Gross profit as a % of revenues           20.6%          22.5%

Selling and administrative

 expenses as a % of revenues              14.8%          12.6%

Operating income as a % of

 revenues                                  5.8%          10.0%

Income taxes as a % of income

 before income taxes                      29.8%          33.3%



Note - 2009 amounts do not include the financial results of ESIF operations,

which have been included in the consolidated financial statements from date

of acquisition, January 20, 2010.



Revenues increased by 44% in the third quarter and 18% through September 2010 compared to the same periods in the prior year on higher revenues in both operating groups. Equipment Group revenues were up 21% in the quarter and 13% year-to-date, driven by higher new and used equipment sales and product support activities. Compression Group revenues were up 71% in the third quarter and 23% through September as continued growth in Canadian recreational refrigeration, together with revenues from the acquired business more than offset declines in certain Canadian and international markets. Economic conditions generally and natural gas compression markets specifically, have shown improvement from the low point reported in the third quarter of 2009.

Significant volatility in the rate of exchange between the Canadian and U.S. dollar has also had a meaningful impact on revenue trends. The Canadian dollar averaged $0.96 in the third quarter and through September 2010, representing 6% and 13% increases from the averages seen in the comparable periods of 2009. Impacts of these trends include:




--  The Canadian/U.S. dollar exchange rate impacts reported revenues on the

    translation of the financial statements of foreign subsidiaries. Simple

    translation of the U.S. dollar reduced reported revenues by $4 million

    in the third quarter of 2010 and $43 million in the year-to-date versus

    2009. Net income was also reduced by $0.3 million and $2.5 million,

    respectively due to translation.

--  Nearly all of the equipment and parts sold in the Equipment Group are

    sourced in U.S. dollars. The Canadian dollar sales prices generally

    reflect changes in the rate of exchange. The impact on equipment

    revenues is not readily estimable as it is largely dependent on when

    customers order the equipment versus when it was sold. Bookings in a

    given period would more closely follow period-over-period changes in

    exchange rates. Sales of parts come from inventories maintained to

    service customer requirements. As a result, constant parts replenishment

    means that there is a lagging impact of changes in exchange rates.

--  In the Compression Group, revenues from foreign subsidiaries are

    impacted by the translation of results, noted above. Sales in Canada are

    largely impacted by the same factors as those impacting the Equipment

    Group.



Gross profit margins in the third quarter and through September 2010 were lower than reported in the comparable periods of 2009. Gross profit margins in the Equipment Group in 2009 benefited from the rapid devaluation of the Canadian dollar, which was not repeated in 2010. Within the Compression Group, lower shop utilization contributed to reduced gross profit margins in the current year.

Selling and administrative expenses increased by $32.0 million in the third quarter of 2010 and $67.7 million year-to-date versus the comparable periods of 2009. Most of the increase was due to the recurring costs assumed with the acquisition.
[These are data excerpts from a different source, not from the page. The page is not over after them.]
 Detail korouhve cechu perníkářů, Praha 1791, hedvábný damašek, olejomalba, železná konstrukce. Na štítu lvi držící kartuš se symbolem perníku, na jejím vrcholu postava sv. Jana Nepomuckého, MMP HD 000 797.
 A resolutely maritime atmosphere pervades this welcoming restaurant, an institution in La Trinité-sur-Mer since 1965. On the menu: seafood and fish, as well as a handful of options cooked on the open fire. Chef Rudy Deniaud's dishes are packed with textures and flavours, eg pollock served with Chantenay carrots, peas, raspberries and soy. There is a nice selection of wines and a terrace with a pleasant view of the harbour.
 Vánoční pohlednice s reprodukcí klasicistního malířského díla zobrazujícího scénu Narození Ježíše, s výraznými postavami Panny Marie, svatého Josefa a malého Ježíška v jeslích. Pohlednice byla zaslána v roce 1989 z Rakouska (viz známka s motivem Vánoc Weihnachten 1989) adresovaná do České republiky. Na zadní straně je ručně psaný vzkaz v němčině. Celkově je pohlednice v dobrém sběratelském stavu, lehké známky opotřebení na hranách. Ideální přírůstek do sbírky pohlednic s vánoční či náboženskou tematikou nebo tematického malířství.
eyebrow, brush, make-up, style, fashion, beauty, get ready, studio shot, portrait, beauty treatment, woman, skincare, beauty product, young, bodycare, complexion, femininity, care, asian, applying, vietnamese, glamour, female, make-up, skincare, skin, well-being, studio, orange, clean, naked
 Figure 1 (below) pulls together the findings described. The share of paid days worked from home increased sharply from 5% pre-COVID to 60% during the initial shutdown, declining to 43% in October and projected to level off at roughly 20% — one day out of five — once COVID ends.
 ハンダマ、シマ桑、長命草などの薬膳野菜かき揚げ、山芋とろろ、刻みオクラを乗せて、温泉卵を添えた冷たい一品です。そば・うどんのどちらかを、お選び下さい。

Selling and administrative expenses in 2010 also included costs related to the acquisition and integration of ESIF of $0.9 million in the quarter and $8.5 million year-to-date. Amortization of identifiable intangible assets recorded on acquisition added $2.9 million and $8.1 million in expense in the quarter and year-to-date respectively. Selling and administrative expenses as a percentage of revenues were 14.0% in the third quarter of 2010 and 14.8% year-to-date versus 12.7% and 12.6% in the comparable periods of 2009.

Operating income decreased 3% in the third quarter and 31% through September 2010 compared to the similar period in 2009 as higher expense levels and lower gross margins more than offset higher revenues.

Interest expense was $5.4 million higher in the quarter and $15.6 million higher through September 2010 compared to the similar periods of 2009. The increase in expense resulted primarily from interest on a $450 million term loan facility sourced to finance the acquisition of ESIF. Interest on this facility totalled $5.4 million in the quarter and $14.6 million through September.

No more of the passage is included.